A network approach for modeling and design of agile supply chains using a flexibility construct

Agility can be viewed as a need to encourage the enterprise-wide integration of flexible and core competent resources so as to offer value-added product and services in a volatile competitive environment. Since flexibility is considered a property that provides change capabilities of different enterprise-wide resources and processes in time and cost dimensions, supply chain flexibility can be considered a composite state to enterprise-wide resources to meet agility needs. Enterprise modeling frameworks depicting these composite flexibility states are difficult to model because of the complex and tacit interrelationship among system parameters and also because agility thrives on many business objectives. In view of this, the modeling framework presented in this paper is based on analytical network process (ANP) since this methodology can accommodate the complex and tacit interrelationship among factors affecting enterprise agility. The modeling framework forms a three-level network with the goal of attaining agility from the perspective of market, product, and customer as the actors.

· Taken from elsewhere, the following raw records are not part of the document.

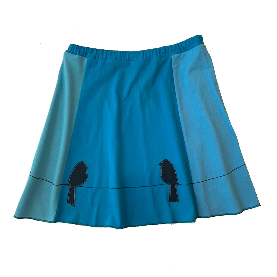 Mini skirts are made with high quality, up-cycled t-shirts. Freestyle sewn images are appliquéd on panels of various colors making each skirt unique and interesting.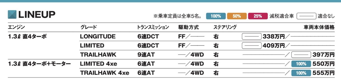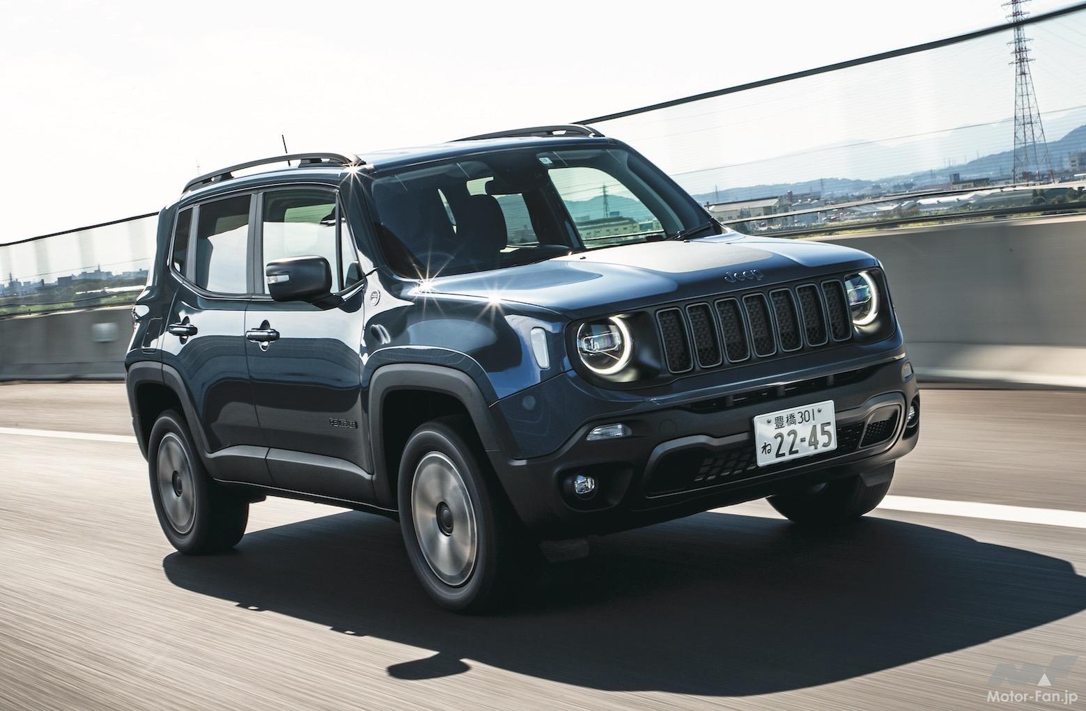 BセグメントのSUVボディに伝統の丸型ヘッドライトと7スロットグリルを備えた、一番小さなジープである「レネゲード」。そのバリエーションは1.3l直列4気筒マルチエアターボを軸に展開しており、ガソリン車はFFと4WDをラインナップ。さらにこの1.3lターボにスタータージェネレーターとリヤモーターを組み合わせたプラグインハイブリッド(PHEV)の「4xe」が昨年上陸した。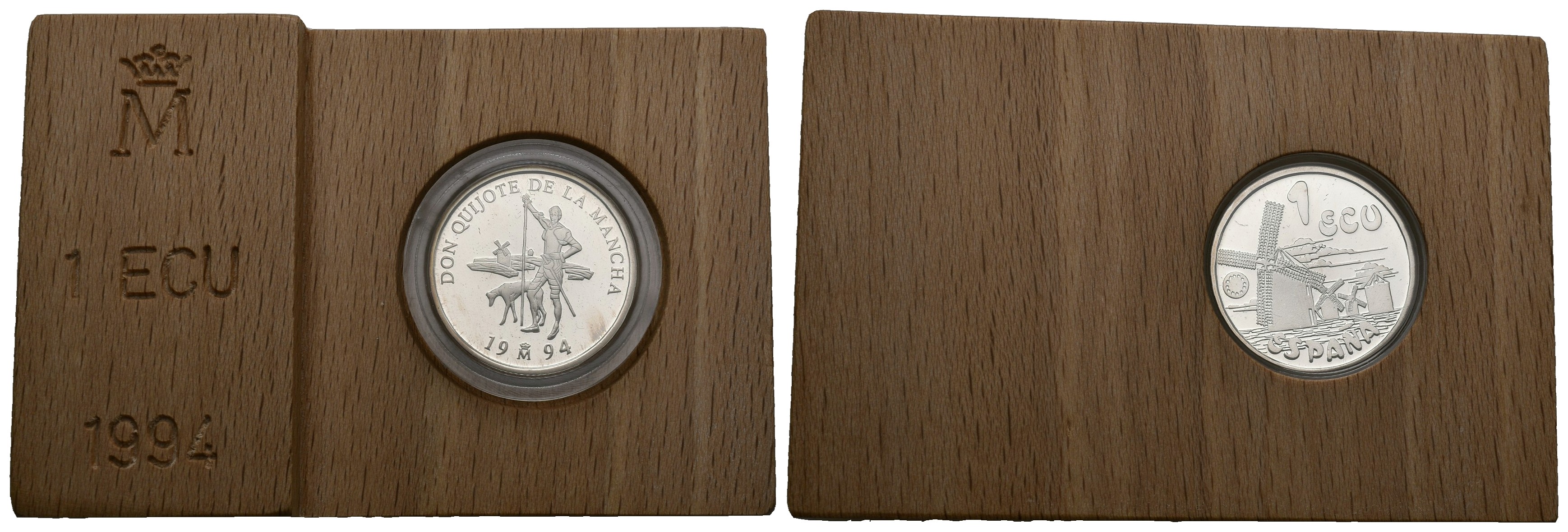 CONTEMPORANEO. 1 Ecu. (Ar. 6,72g/24mm). 1994. Cervantes-Don Quijote. PROOF. 125.000 acuñaciones. Incluye estuche oficial y certificado de autenticidad.
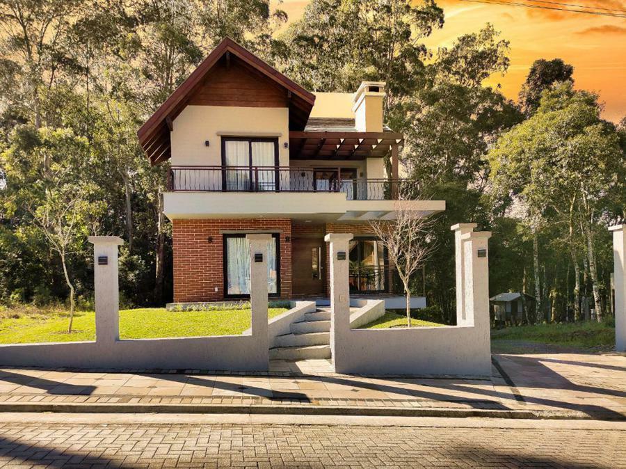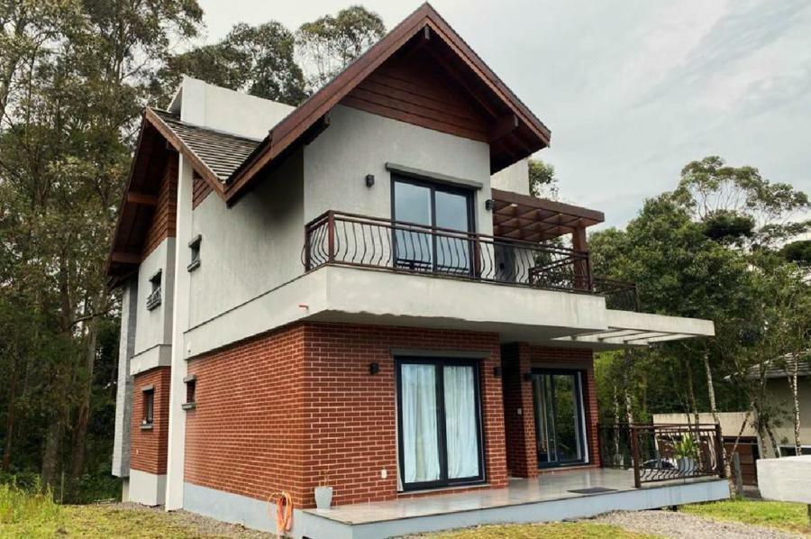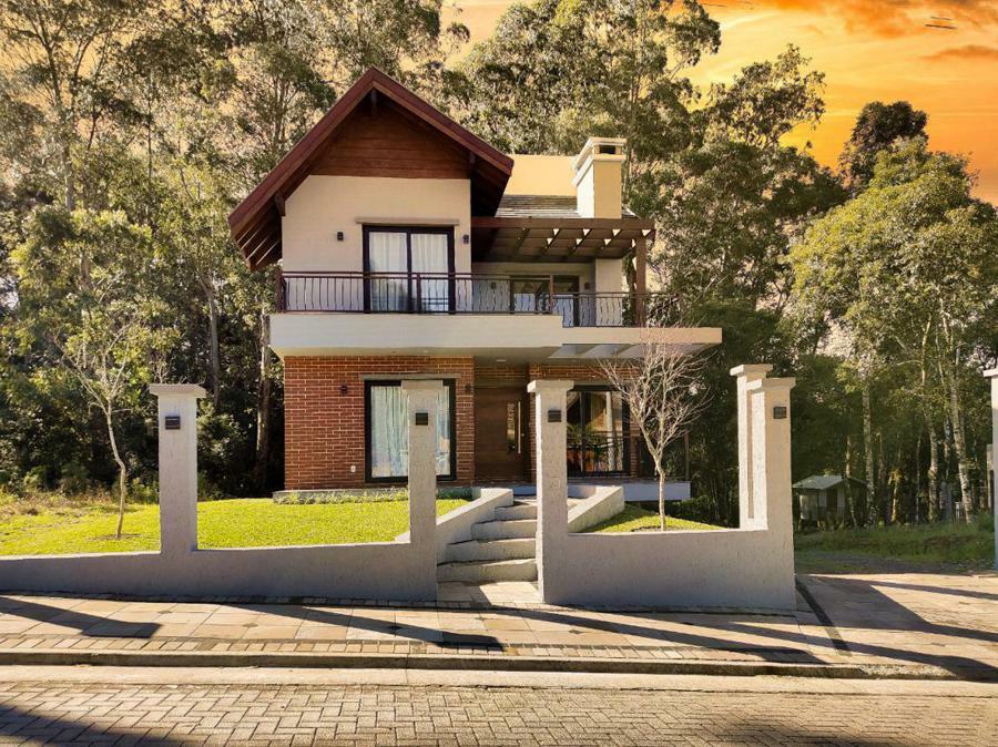 Corretor Gramado e Canela vende: Semi mobiliada, praticamente nova. Casa com 3 dormitórios (suítes), lavabo, living com lareira e varanda com churrasqueira, estar íntimo, cozinha americana, lavanderia, banheiros auxiliar, pátio e garagens.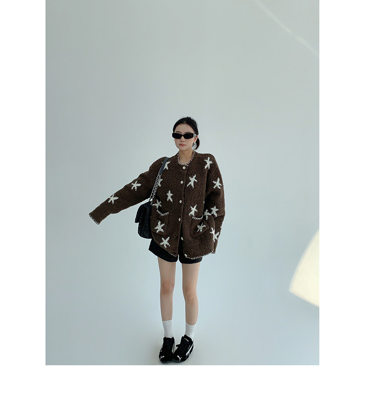 【商品名】【アウター】春 秋 冬 ジャガード 厚手 ニット セーター カーディガン ジャケット 【FCシリーズ】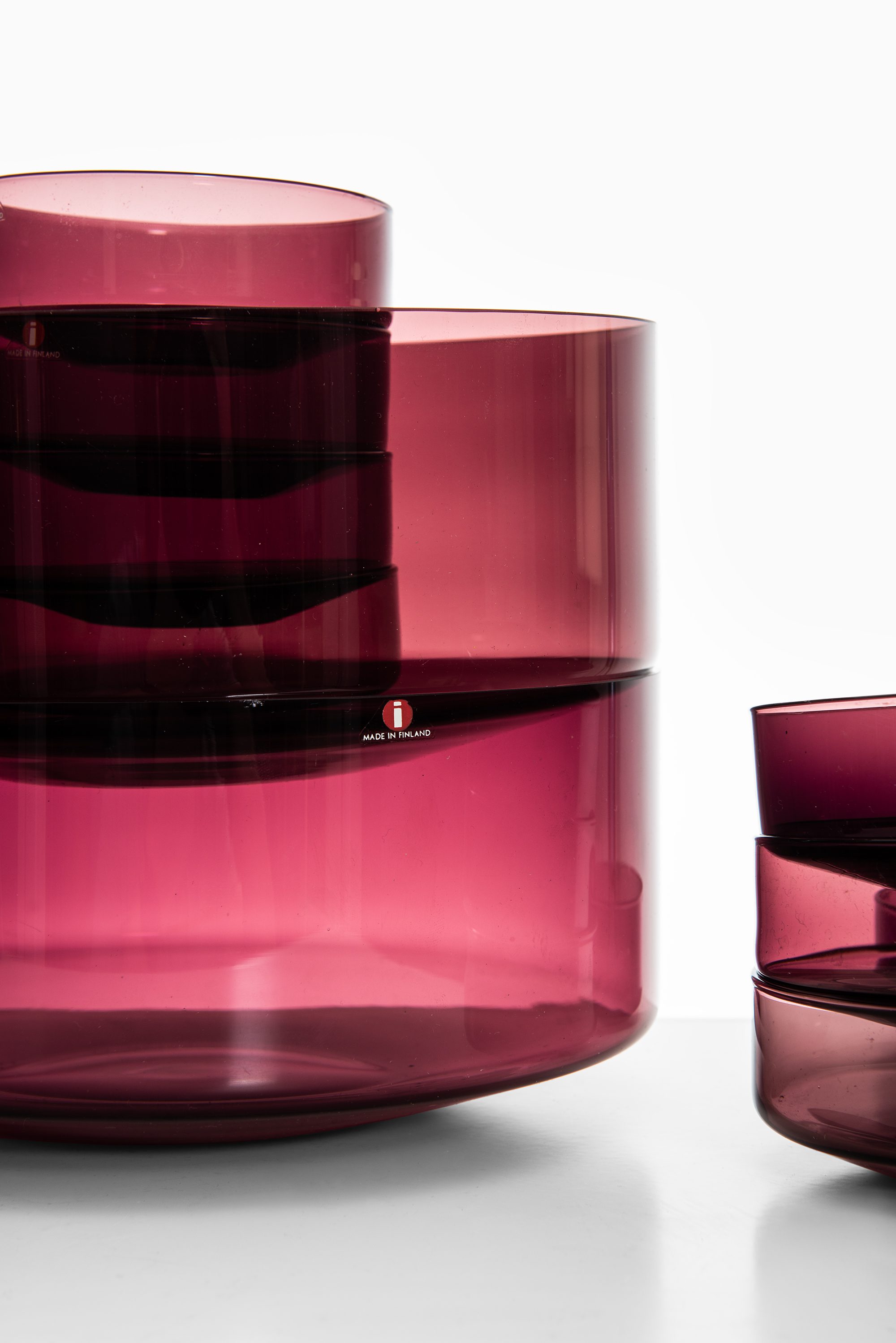 The set consists of two large bowls and eleven smaller ones, each crafted from richly colored glass in a deep, translucent cranberry hue. The bowls feature clean, cylindrical silhouettes with gently rounded bases and thin, precise rims that emphasize their refined, modernist character. The minimal, balanced form reflects Sarpaneva’s focus on purity of shape and material, while the rich tone of the glass captures and reflects light beautifully, enhancing the sense of depth and volume.

The goal depends on substrategies that address the characteristics of the three actors. Each of these substrategies further depends on manufacturing, logistic, sourcing, and information technology (IT) flexibility elements of the enterprise supply chain (SC). The research highlights that, under different environmental conditions, enterprises require synergy among appropriate supply chain flexibilities for practising agility. In the present research, the ANP modeling software tool Super Decisions™ has been used for relative prioritization of the supply chain flexibilities. We demonstrate through sensitivity analysis that dynamic conditions do require adjustments in the enterprise-wide flexibility spectrum.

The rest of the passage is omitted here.